トップ文化旅・レジャー年始客避け旅に出た漱石ー夏目漱石『草枕』

年始客避け旅に出た漱石ー夏目漱石『草枕』

<山路(やまみち)を登りながら、 こう考えた。/智に働けば 角(かど)が立つ。情に棹させば 流される。 意地を通せば 窮屈だ。 兎角に人の世は住みにくい。>

夏目漱石の『草枕』の有名な冒頭文。研究者によれば、漱石が五高(現熊本大学)の英語教師に赴任していたのは、明治29(1896)年4月から33年4月。そして、熊本からこの小説の舞台となる小天(おあま)温泉(玉名市天水町)に旅行に行ったのが、明治30年の12月末だった。

漱石が通った「野出峠の道」
漱石が通った「野出峠の道」
熊本県 熊本駅周辺の地図「草枕」関連地図
熊本県 熊本駅周辺の地図「草枕」関連地図

およそ1週間の湯治旅行。師走のあわただしい時期に友人と旅行したのは、年始客を迎える煩わしさを避けるためだったという。 それは新婚の正月が散々だったからだった。

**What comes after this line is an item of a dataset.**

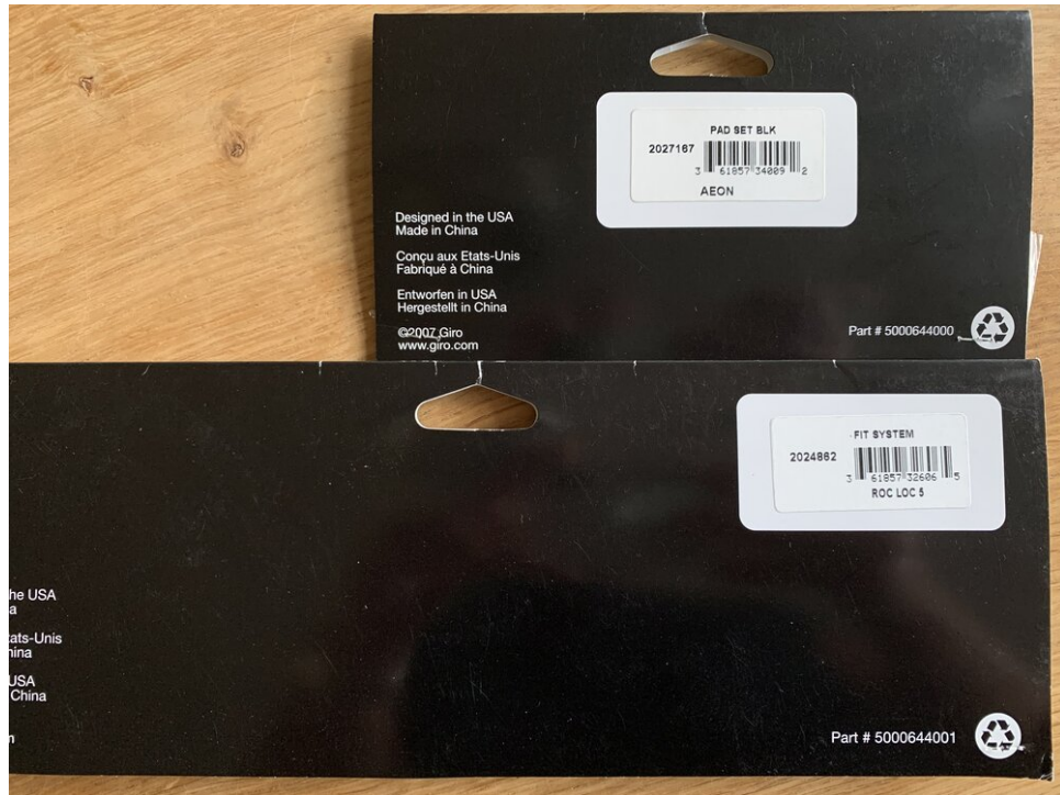
Voor degenen die geïnteresseerd zijn, dit is een foto van de barcodes + onderdeelcodes van het Roc Loc 5 systeem en de padding set

新任教師の漱石は年始客の接待で夫婦喧嘩(げんか)を起こし、最悪の正月を過ごしたのである。その後、さらに6月に漱石の父親の死去、そして、帰京中の7月に鏡子夫人は流産と不幸な出来事が続いた。以来、漱石は毎年正月、年始客の接待から逃れて旅行に出掛けるようになった。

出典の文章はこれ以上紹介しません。